I think I did pretty well for myself “Post College” and even though I’m not one for regrets (a pointless emotion until time machines are invented) there are definitely a few things I’d do differently in hindsight. There are a fair few things I’d do exactly the same, too. What advice would I give my 23 year old self now that I’m nearing 30?

Don’t get hung up on university grades

I didn’t graduate with the grade I wanted.  I was gutted, even though I pretty much hated my degree course (oh, younger self, that time you considered changing course? probably should’ve done it!) and put in the least amount of effort I could get away with.

I graduated back in 2007 with a pretty pointless degree in something a bit like Fine Art. Luckily, I’d forged my own skill set by learning how to make websites in my spare time (yay for extra-curricular learning!), and managed to brag a job within 6 months of University ending.

And now? that grade doesn’t mean anything.

Try not to spend too much on credit cards

Between university, travelling, and other fun stuff, I managed a rack up quite a bit of credit card debt. Nothing that I wasn’t able to manage, but something that in the years after university I would’ve preferred not to have hanging around. That said, would I trade my trip to Australia for that lack of card debt? No way, I’d do it all again.
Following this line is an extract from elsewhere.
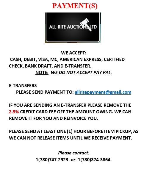 It is the purchaser's sole responsibility to make any necessary inquiries and to inspect the item before placing a bid. Additional viewing is available by appointment, please contact All-Rite Auctions at 1-780-747-2923 or 1-780-374-3864.
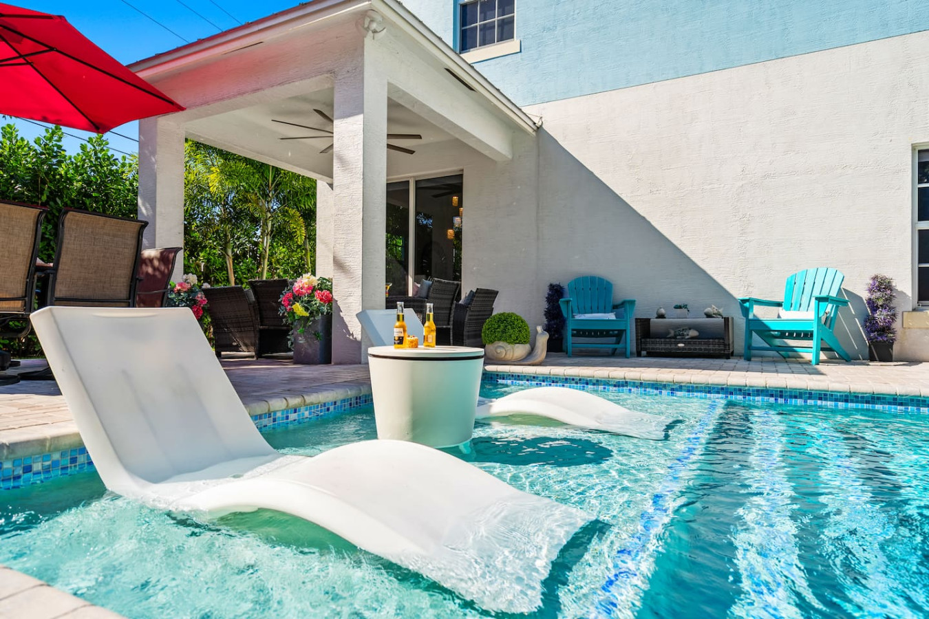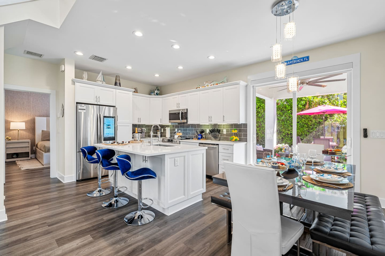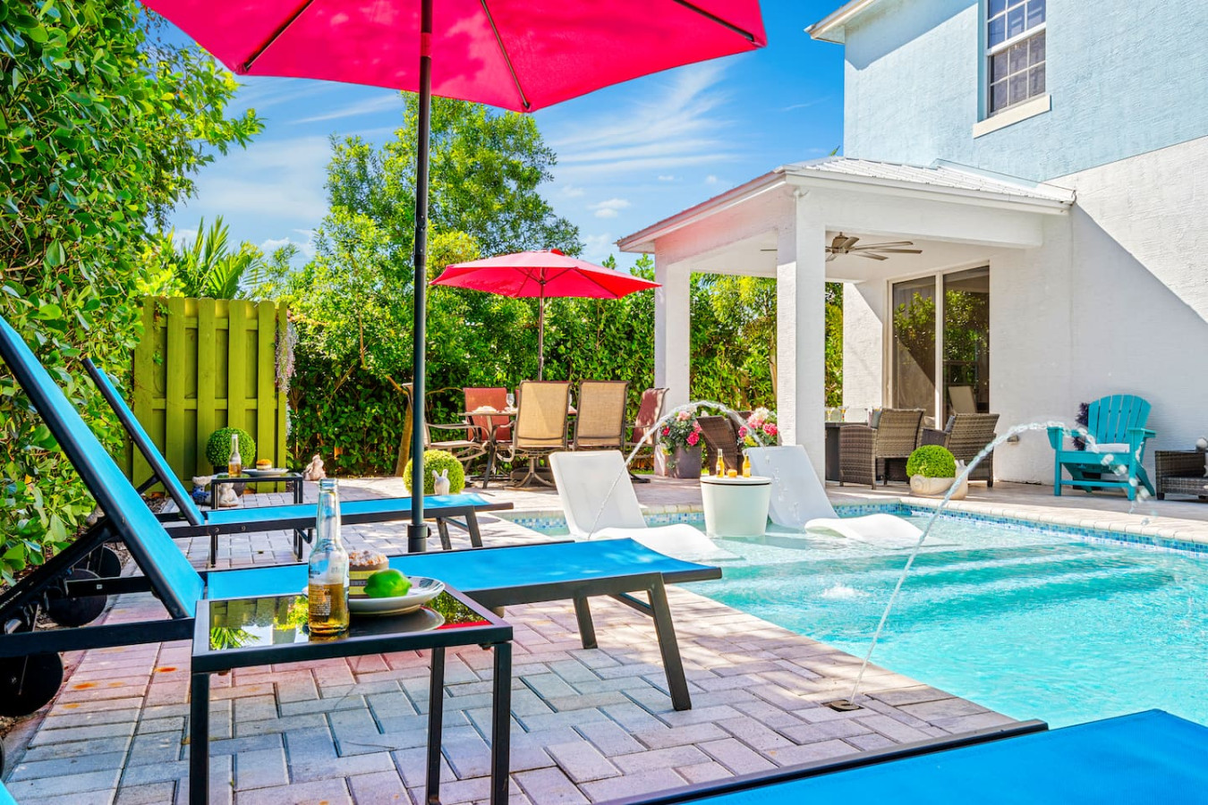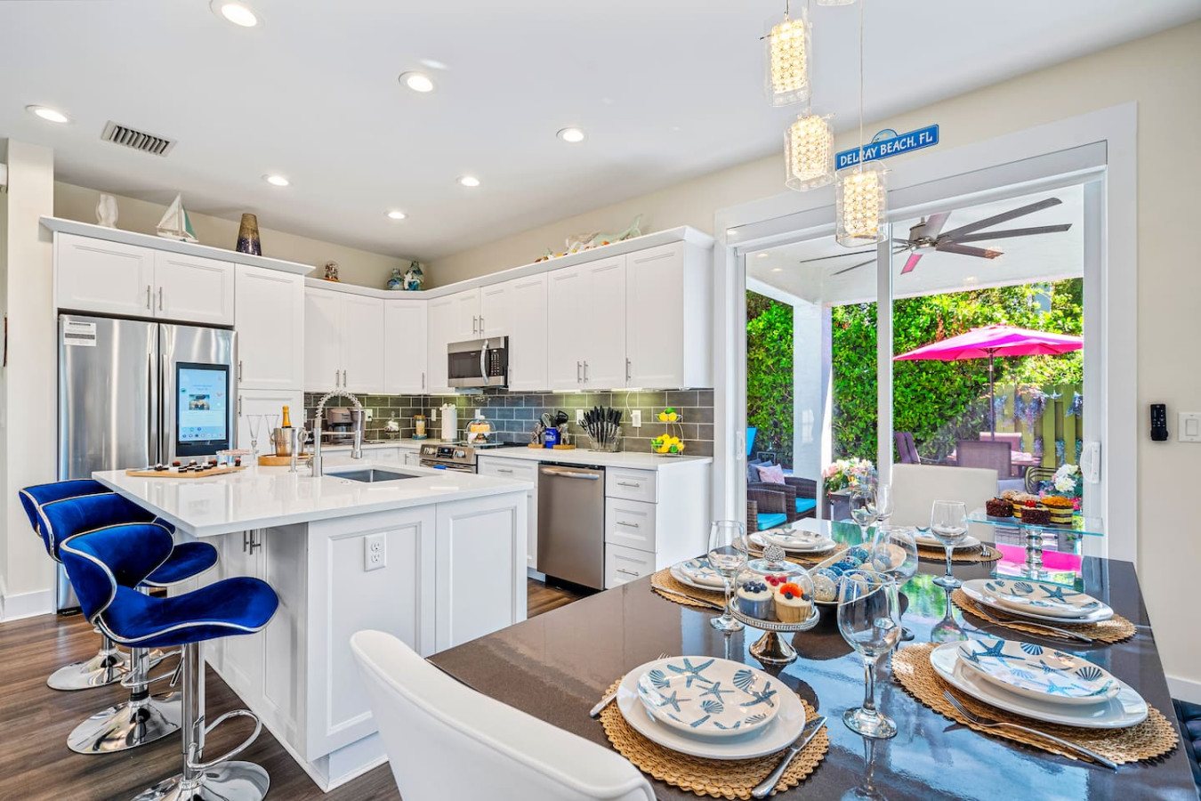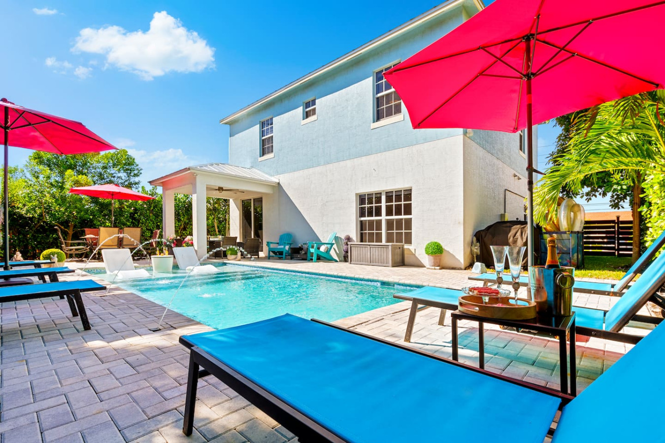 Bachelorette weekends, girls trips, family vacations β this is the house groups keep coming back to. Heated pool with in-water lounge chairs, designer coastal interior, private backyard, and a fully stocked bar cart with martini and wine glasses ready when you arrive. Sleeps 10. Walk to Publix. 5 minutes to Atlantic Ave and the beach.

Travel as much as possible

Between leaving university and turning 25, I’d travelled across the USA on a train, popped into Canada, taken a trip to Australia & hiked in the Blue Mountains, and visited a friend in Hong Kong. There’s still SO MUCH more that I’d love to see in the world, but my life just isn’t as flexible to fit lots of travel in anymore. I’m sure I’ll get around to it all one day, but I kinda wish I’d done a little more back then!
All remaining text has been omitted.